**RECORDS FOR THE TASK**
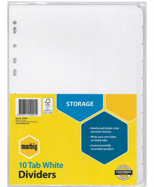 Marbig Dividers 10 Tab Manilla A4 White
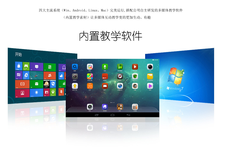 集成了電子白板、平板電視、電腦、投影機(jī)、投影幕布、音響、廣告機(jī)、WINI等多種功能為一體的互動(dòng)教學(xué)機(jī),從而增強(qiáng)了教學(xué)互動(dòng)性,使教學(xué)更簡(jiǎn)潔、更簡(jiǎn)易、更高效。
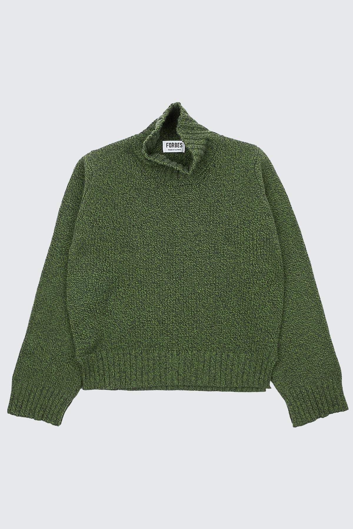 Designed by Frontiers founder, Jane Forbes, and knitted in Scotland, the Funnel Neck Jumper is a medium-weight, hip length jumper. Featuring a loose funnel neck, fully fashioned raglan sleeves and side splits, this piece marries style and comfort.
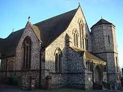 The church is built predominantly of flint with mouldings and window dressings of stone.[3] Internally very spacious,[6] it can hold up to 900 people.[4] Its south and west elevations face the street. At the east end is a three-bay chancel flanked by a Lady chapel and vestry to the south and north respectively. This adjoins the four-bay, north- and south-aisled nave, at the southwest corner of which is the octagonal tower.[3] A substantial, three-stage structure with a shallow cap at the same height as the nave roof, the tower was in fact intended to be much taller and topped with a spire rising to 160 feet (49 m); but the extension and spire were never built.[4][6] The entrance is in a porch which runs along the length of the west face.[3]
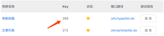 在测试列表可以看到每个测试用例的 key,还有 开始测试、报告等功能
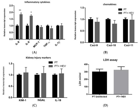We assessed the effect of HEV infection of the transcriptome of PT cells for selected inflammatory cytokines, chemokines, and kidney injury markers. Regarding the inflammatory markers, we found that HEV infection slightly upregulated IL-8 and IL-6 (fold change around 1.8 to 2 compared to uninfected cells; Figure 3A), but it did not affect the expression of other inflammatory transcripts such as monocyte chemoattractant protein-1 (MCP-1), tumor necrosis factor-alpha (TNF-α), and Interleukin 1 beta (IL-1β) (Figure 3A). The expression of type I IFN (IFN-α and IFN-β) was not altered with HEV infection. While HEV infection did not alter the transcription of chemokines such as Cxcl-9, Cxcl-10, and Cxcl-11 nor the kidney injury markers such as KIM-1, NGAL, and IL-18 (Figure 3B,C). There was no significant difference in the LDH level between the supernatant collected from HEV-infected and noninfected PT cells (Figure 3D).
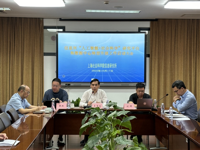 10月17日上午,上海社会科学院信息研究所召开“人工智能+社会科学”研究平台和数据中心转型升级工作启动会。上海社会科学院副院长吴雪明、信息研究所所长刘炜、副所长丁波涛、副所长汪怿、院信息办主任赵虹出席会议,信息所全体科研与管理人员参加会议。会议由丁波涛主持。
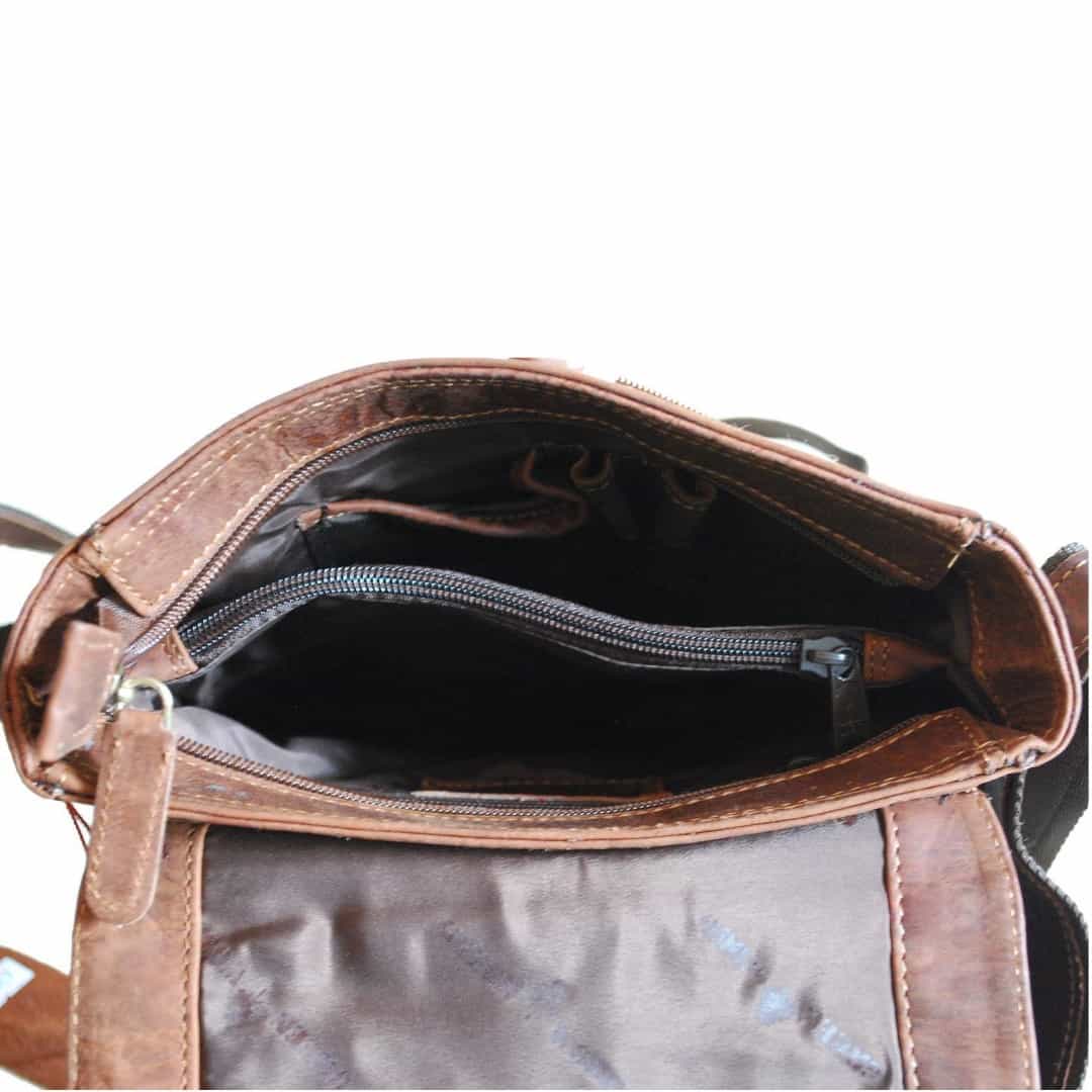 Usnjena torbica za čez ramo Green Wood Leo je torba tako za ženske kot za moške, ki cenijo kvaliteto ročne izdelave in vrhunskost pravega usnja tako na pogled kot na dotik. Izdelana je iz kakovostnega mehkega usnja in navdušuje v videzu z "rabljenim izgledom", notranjost torbe pa je obložena s kvalitetno tkanino. Usnjena torbica za čez ramo Green Wood Leo na poklop z magnetnim zapiranjem je sestavljena iz več prostornih predalov in žepov na zadrgo, kamor lahko shranite vse potrebne pripomočke. Zaradi svoje dobre razporeditve je izredno priročna in se nosi s prijetnim, prilagodljivim ramenskim trakom.
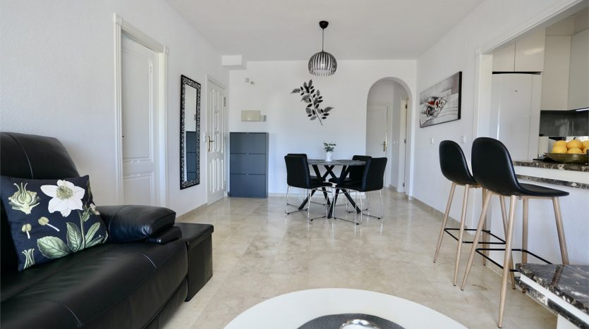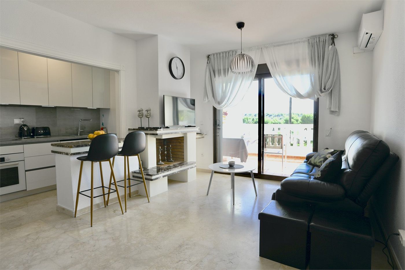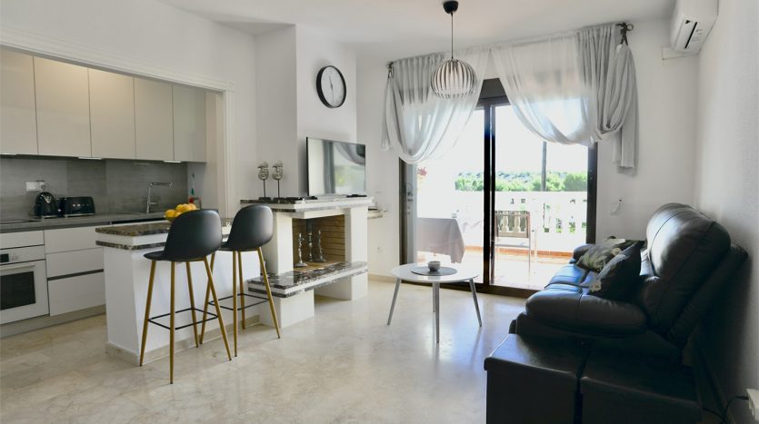 Superbe appartement deux chambres situé en plein coeur d’un resort de golf entouré d’espaces verts avec piscine communautaire sur Campoamor à seulement 4 km des plus belles plage de la région à 1 km du centre commercial de la Fuente offrant une multitude de bars, magasins et restaurants.
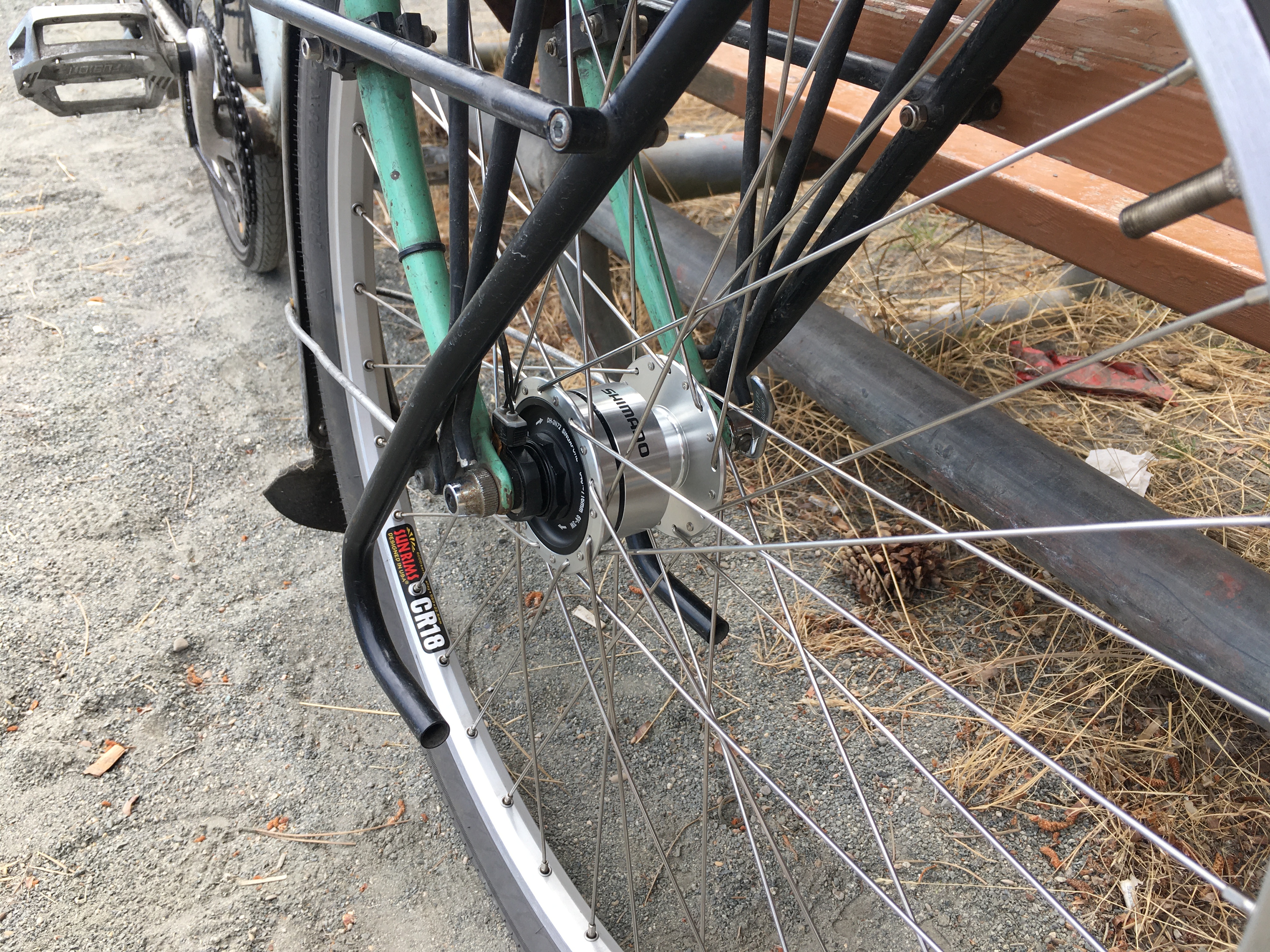 Built new wheels for commuter. Old rims were super scooped out and the hubs were pretty worn out too. Sun CR18 rims, DH-3N72 front hub, rear hub from a used shop, might be a 1st gen xtr? Old 36h hubs are hard to find!
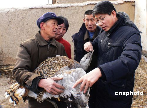 2月9日,一只國(guó)家一級(jí)瀕危保護(hù)鳥(niǎo)類(lèi)在滄州被成功救治。大年初一上墳祭祖的河北黃驊常郭鄉(xiāng)齊趙村的齊延平老人在菜地里發(fā)現(xiàn)了一只受傷的大鳥(niǎo),出于對(duì)保護(hù)鳥(niǎo)類(lèi)的重視齊延平老人將受傷的大鳥(niǎo)抱回了家中,出于好奇前來(lái)觀看的鄉(xiāng)親們中間有人通過(guò)互聯(lián)網(wǎng)得知了這是國(guó)家一級(jí)瀕危保護(hù)鳥(niǎo)類(lèi)大鴇,于是齊延平老人通過(guò)多方打聽(tīng)終于在大年初三這天聯(lián)系到了滄州師專生物系教授、滄州野生動(dòng)物救護(hù)中心負(fù)責(zé)人孟德榮,孟教授當(dāng)即從滄州乘出租車(chē)趕到100公里外齊延平老人家前來(lái)接治受傷大鴇。據(jù)孟教授介紹,這只大鴇翅膀出現(xiàn)了不同程度的撕裂傷,其受傷主要原因是因?yàn)檎`食了有毒食物所致,目前受傷大鴇以被接回滄州野生動(dòng)物救護(hù)中心進(jìn)行進(jìn)一步的救治。中新社發(fā) 楊志濤 攝
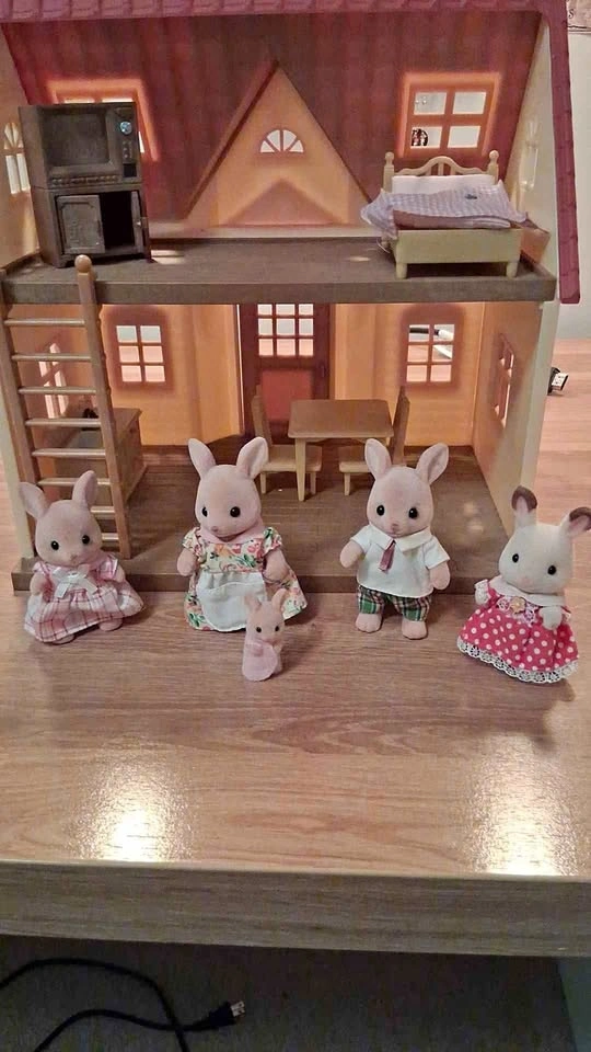 Adorable Sylvanian Families (also known as Calico Critters) set including: 1 two-story house with furniture (bed, dining table, 2 chairs, and kitchen unit) 5 rabbit family figures (parents, children, and baby) Original mini booklets and accessories Everything is in great pre-loved condition, clean and ready for play or display. Perfect for collectors or children who love imaginative play!
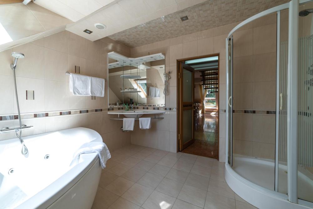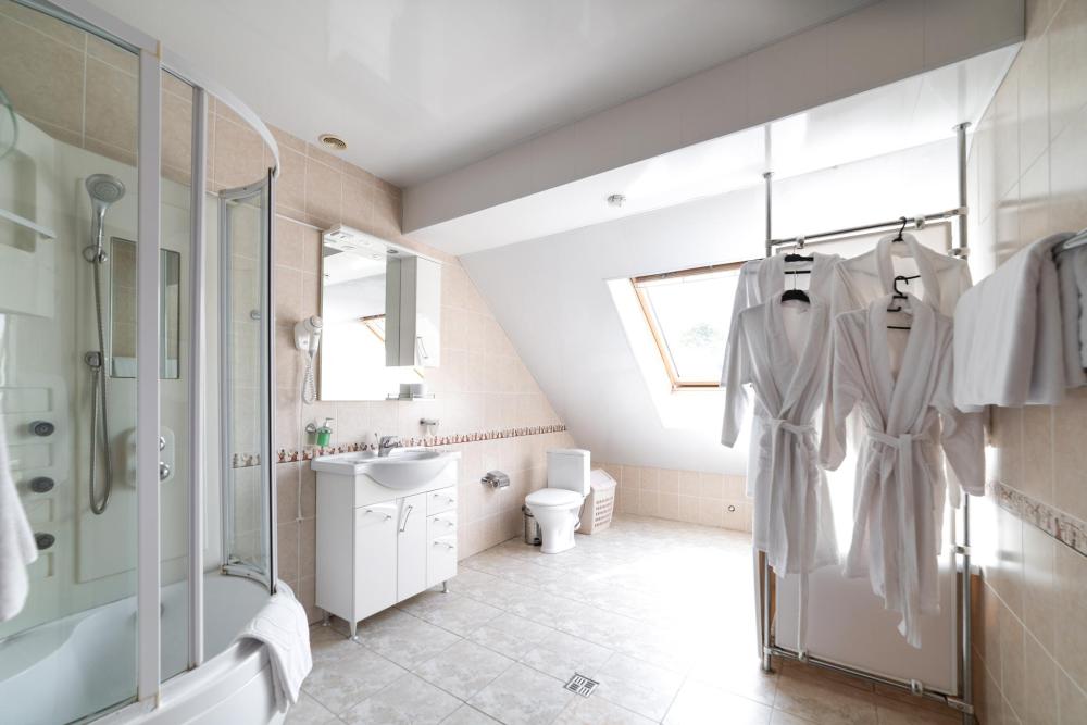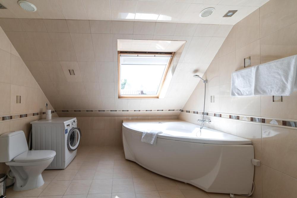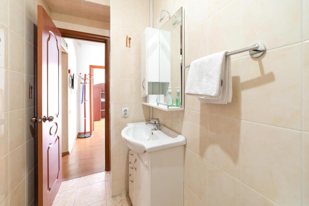 Двухуровневые апартаменты для 4-х взрослых апартаменты с кондиционером располагаются на двух уровнях (второй уровень – мансарда). Номер имеет 2 спальни и 2 санузла, в одном из которых – гидромассажная ванна-джакузи и стиральная машина. В общей кухне-гостиной со всей необходимой бытовой техникой, можно приготовить еду и собраться за общим столом или комфортно расположиться на диванах перед плазменным TV. В собственной ванной комнате имеются бесплатные косметические принадлежности, предоставляются халаты.

**DESCRIPTION OF THE TASK**
Starting at the line that contains "We assessed the" and ending at the line that contains "Usnjena torbica za čez ramo Green Wood Leo je", transcribe the material above exactly, excluding pictures.

**REPLY**
We assessed the effect of HEV infection of the transcriptome of PT cells for selected inflammatory cytokines, chemokines, and kidney injury markers. Regarding the inflammatory markers, we found that HEV infection slightly upregulated IL-8 and IL-6 (fold change around 1.8 to 2 compared to uninfected cells; Figure 3A), but it did not affect the expression of other inflammatory transcripts such as monocyte chemoattractant protein-1 (MCP-1), tumor necrosis factor-alpha (TNF-α), and Interleukin 1 beta (IL-1β) (Figure 3A). The expression of type I IFN (IFN-α and IFN-β) was not altered with HEV infection. While HEV infection did not alter the transcription of chemokines such as Cxcl-9, Cxcl-10, and Cxcl-11 nor the kidney injury markers such as KIM-1, NGAL, and IL-18 (Figure 3B,C). There was no significant difference in the LDH level between the supernatant collected from HEV-infected and noninfected PT cells (Figure 3D).
 10月17日上午,上海社会科学院信息研究所召开“人工智能+社会科学”研究平台和数据中心转型升级工作启动会。上海社会科学院副院长吴雪明、信息研究所所长刘炜、副所长丁波涛、副所长汪怿、院信息办主任赵虹出席会议,信息所全体科研与管理人员参加会议。会议由丁波涛主持。
 Usnjena torbica za čez ramo Green Wood Leo je torba tako za ženske kot za moške, ki cenijo kvaliteto ročne izdelave in vrhunskost pravega usnja tako na pogled kot na dotik. Izdelana je iz kakovostnega mehkega usnja in navdušuje v videzu z "rabljenim izgledom", notranjost torbe pa je obložena s kvalitetno tkanino. Usnjena torbica za čez ramo Green Wood Leo na poklop z magnetnim zapiranjem je sestavljena iz več prostornih predalov in žepov na zadrgo, kamor lahko shranite vse potrebne pripomočke. Zaradi svoje dobre razporeditve je izredno priročna in se nosi s prijetnim, prilagodljivim ramenskim trakom.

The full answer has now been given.